By Beth Grannis, Degree Candidate, Master of Arts in Global Communications (AUP), The American University of Paris

This short documentary film submission, “This Place Doesn’t Exist Anymore”: Food and  Memory Among Syrian Refugees”, stands as a class project from the American University of Paris (AUP) inspired by a set of readings on the subject of food, the senses, memory, and identity through the works of David E. Sutton, C. Nadia Seremetakis, and Marcel Proust. This film offers insight into the life of a young Syrian man, Saad Hakki, who after fleeing Syria and immigrating to France, uses food as a vehicle for personal reflection, assessing his home country’s stance within the world, for deepening the understanding of his own identity, and preparing for a new and different future than the one he imagined for himself.

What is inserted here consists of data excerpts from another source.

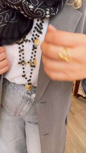 - Collier triple composé de fines perles en résine, il s’orne de pendentifs dorés en forme de cœur.
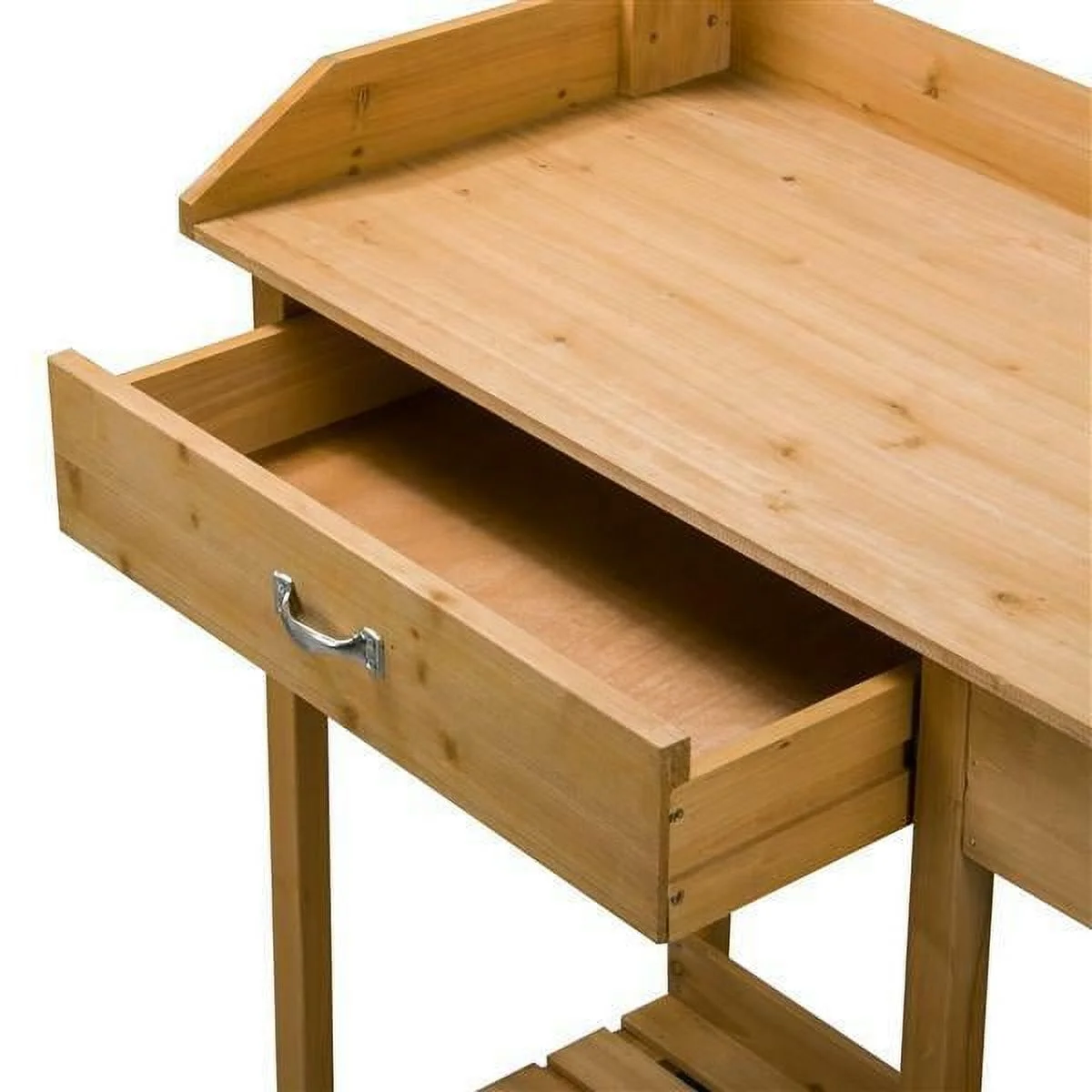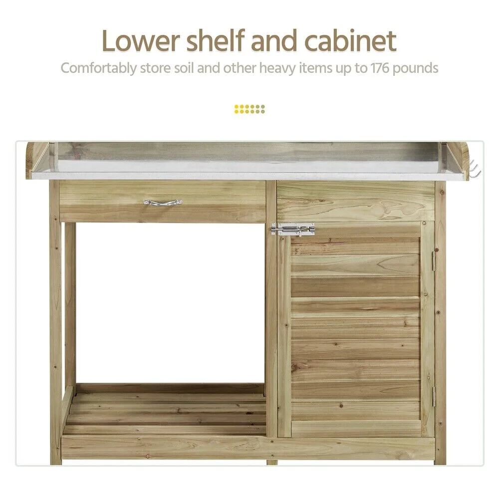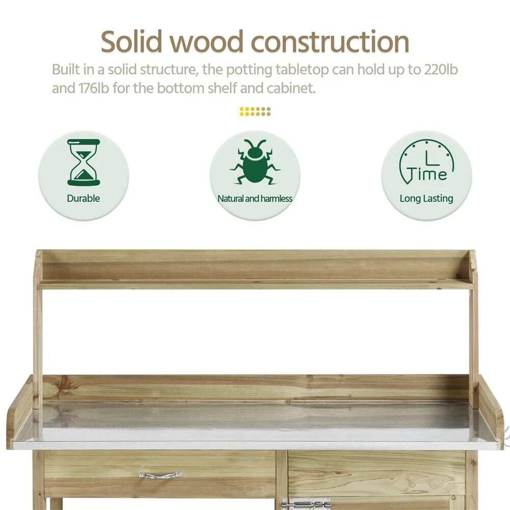 Solid wood potting table with plastic sink: Apart from looking great, 100% fir wood all over the structure has substantial fade resistance. Made of quality plastic, the 3�� deep sink of 13x11�� (LxW) sink is designed in square to serve your watering/washing needs. You can DIY a drain if necessary.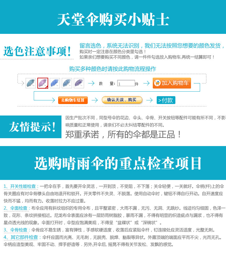 天堂伞是由杭州天堂伞业集团生产的国内伞。包括雨伞,太阳伞等多个品种。天堂伞素以轻、新、牢、美而著称,产品质量和技术工艺在全国制伞行业中处于领先地位,在国内外市场享有很高的声誉。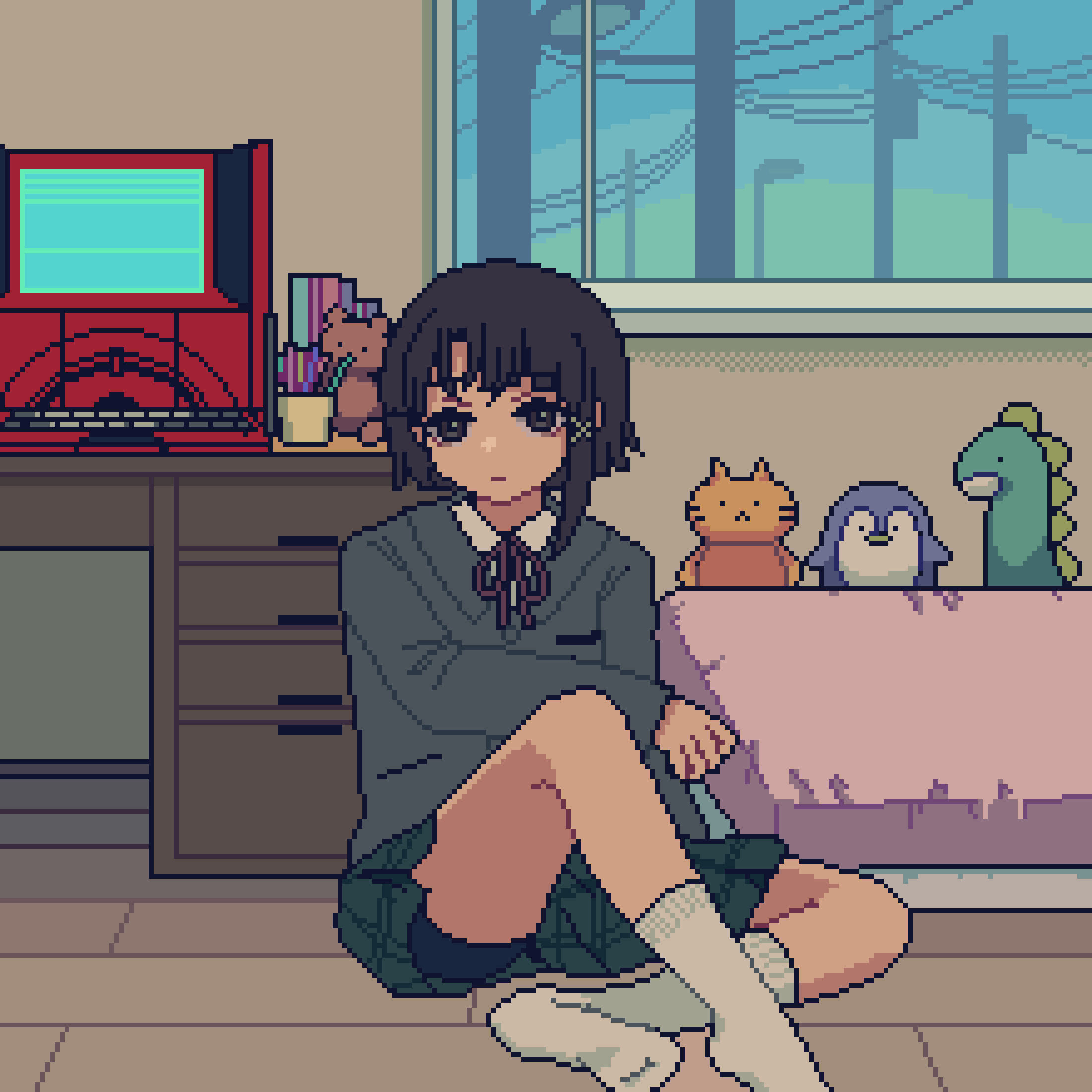 1girl asymmetrical_hair bed blazer blue_sky brown_eyes brown_hair closed_mouth commentary_request computer cup desk drinking_straw expressionless floor full_body green_skirt green_sky grey_jacket hair_ornament hairclip highres indoors iwakura_lain jacket long_sleeves looking_at_viewer monitor nanami_yuki_(yuki77mi) neck_ribbon official_art on_floor pixel_art plaid_clothes plaid_skirt power_lines red_ribbon ribbon school_uniform second-party_source serial_experiments_lain shirt short_hair single_sidelock sitting skirt sky socks solo stuffed_animal stuffed_cat stuffed_dinosaur stuffed_penguin stuffed_toy teddy_bear utility_pole white_shirt white_skirt white_socks window wooden_floor x_hair_ornament
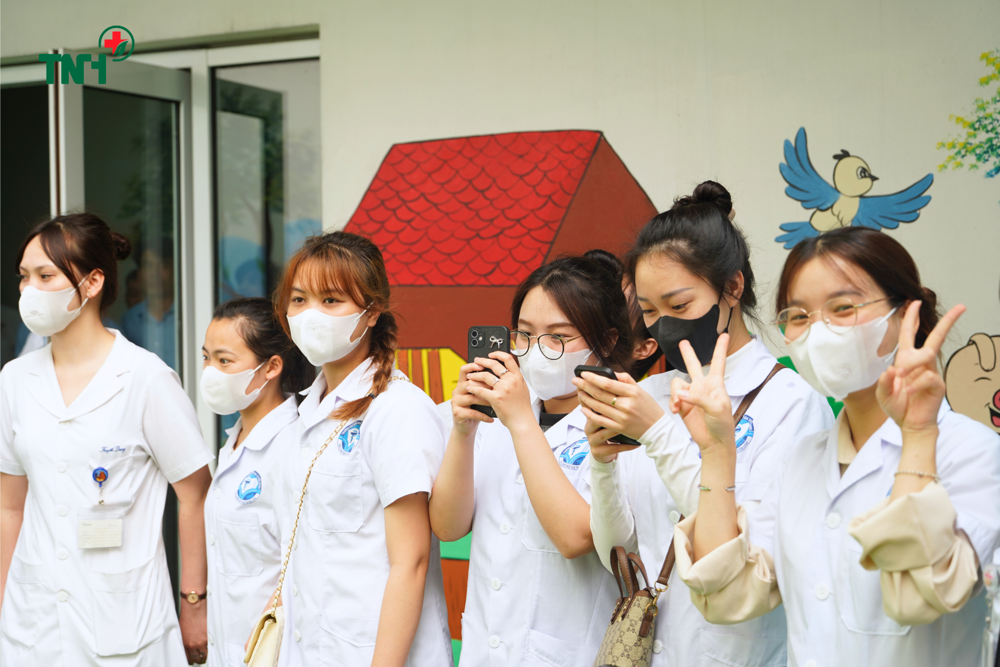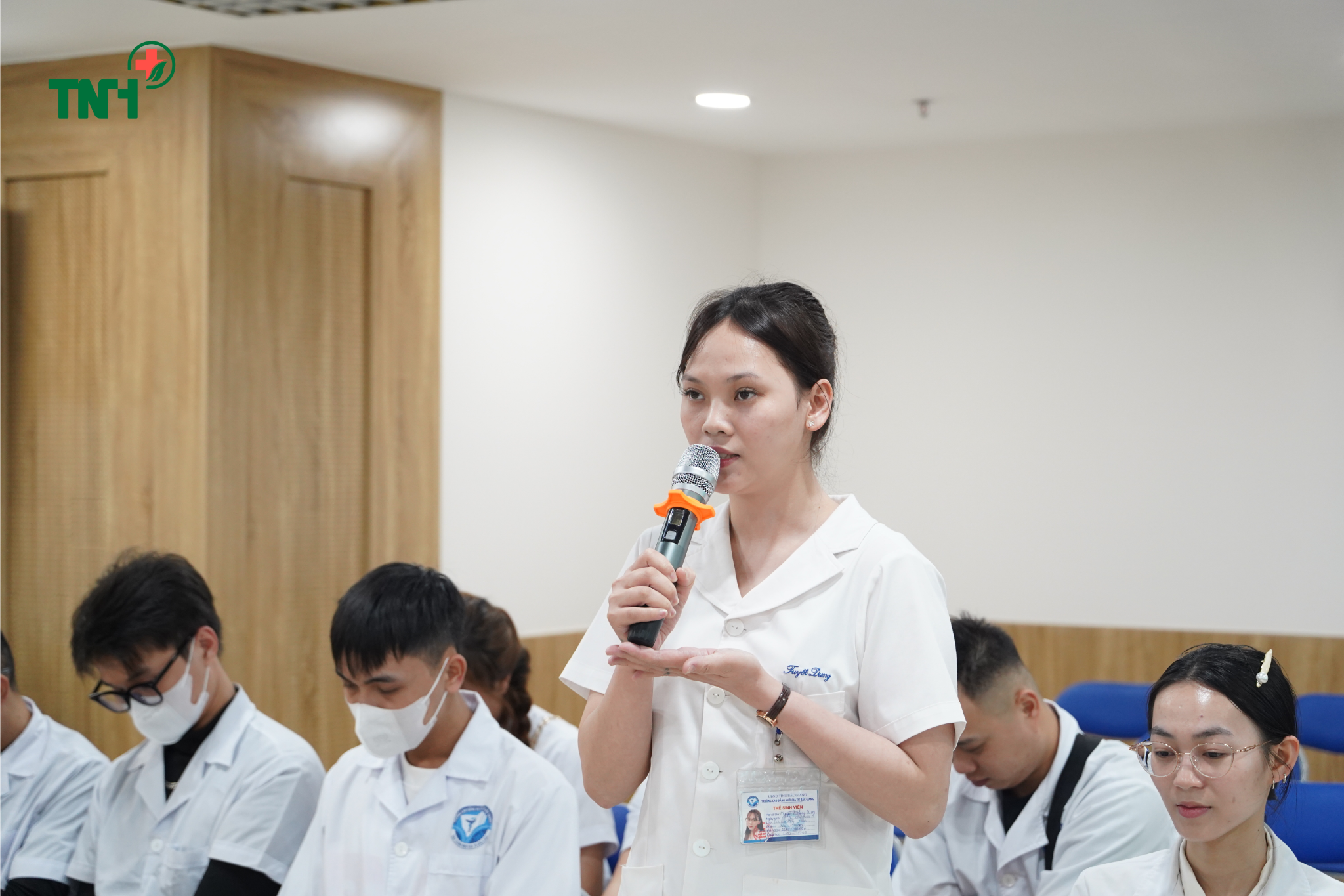 Đặc biệt, các bạn sinh viên còn được giao lưu, đặt câu hỏi trực tiếp với Ban Giám đốc Bệnh viện và đại diện lãnh đạo Công ty. Phần giao lưu diễn ra sôi nổi với nhiều câu hỏi thiết thực, thể hiện sự quan tâm sâu sắc đến cơ hội thực tập, rèn luyện chuyên môn và định hướng nghề nghiệp tương lai.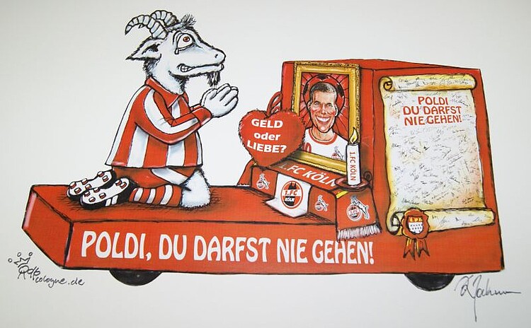 Das Festkomitee Kölner Karneval von 1823 baut einen Wagen für den Rosenmontagszug 2012, der Lukas Podolski davon überzeugen soll, beim 1. FC Köln zu bleiben. Wenn er seinen Vertrag verlängert, schenkt ihm das Festkomitee die Aufbauten seines Wagens. Viel mehr noch könnte Podolski den Wagen für sich außerhalb der Session nutzen. „Gerne stellen wir Poldi den kompletten Wagen auch nach dem Rosenmontagszug zur Verfügung, zum Beispiel für ein Sommerfest mit vielen Kindern und im Rahmen der Lukas Podolski Stiftung “, so Christoph Kuckelkorn, Zugleiter des Kölner Rosenmontagszuges.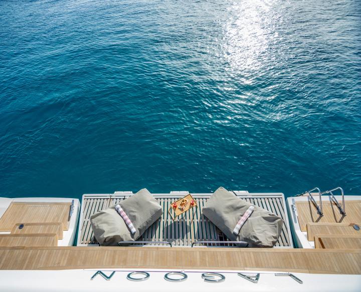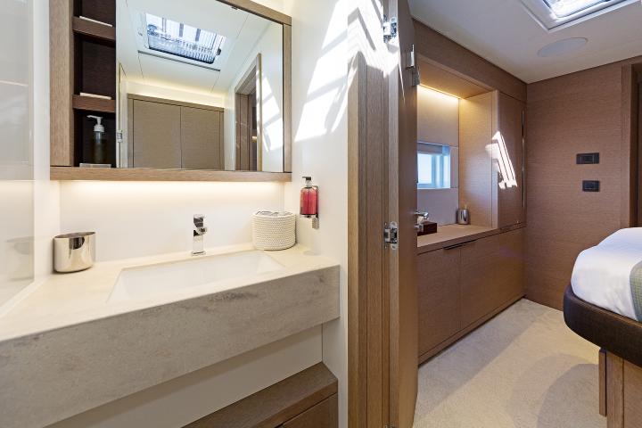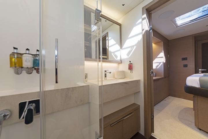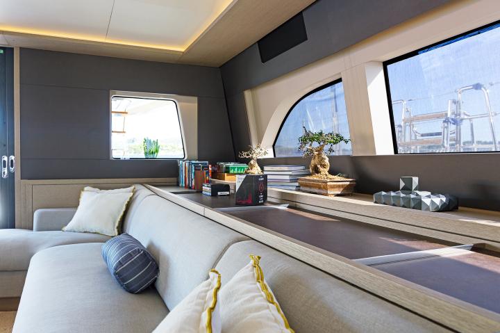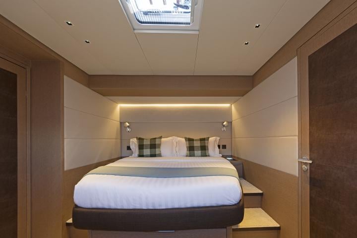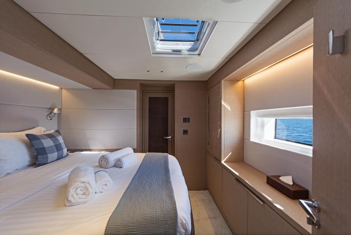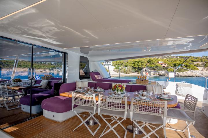 Sleek, intrepid & unique promises to deliver the most spectacular sailing experience across the Greek islands. The main saloon abundant of spaces & natural light assures cruising in style and comfort while the Master cabin offers swift access from the salon and the 4 additional guest cabins enjoy as well incredible views . High-end audio system with 25 speakers on board offers individual use in each cabin and outdoor area.

With the support and guidance of Professor Christy Shields and Claire Perrot and in conjunction with their “Innovative Showcase” workshop proposal, Ethnography and Taste Education in Cooperation with Comté Cheese: A Cross-Cultural and Collaborative Approach to Food Pedagogy and Taste Learning, this film stands as a work in progress and poses itself as an emerging topic that I plan to pursue and develop into a MA thesis film in 2017-2018. Alongside my fellow AUP colleagues at this conference, I hope to ignite discussion, and solicit ideas, approaches, and potential processes for my continued research on food, exile, and memory.

Additionally, by exploring the ways in which Syrian refugees use food to commemorate deeply rooted cultural identity and personal history in an unfamiliar place, the audience is probed to consider the ways in which displaced people uphold identity, foster family relations, and preserve memories within their community. Situated at the tender threshold of a home that no longer exists and the makings of a new home, “This Place Doesn’t Exist Anymore”: Food and Memory Among Syrian Refugees aims to unite the audience and Mr. Hakki by shining light on the shared common ground of memories and emotions surrounding ties to food. It is my hope that this film’s theme will position a platform for those to stand upon to help disseminate elements of cultural compassion and to initiate conversations between different and opposing mindsets.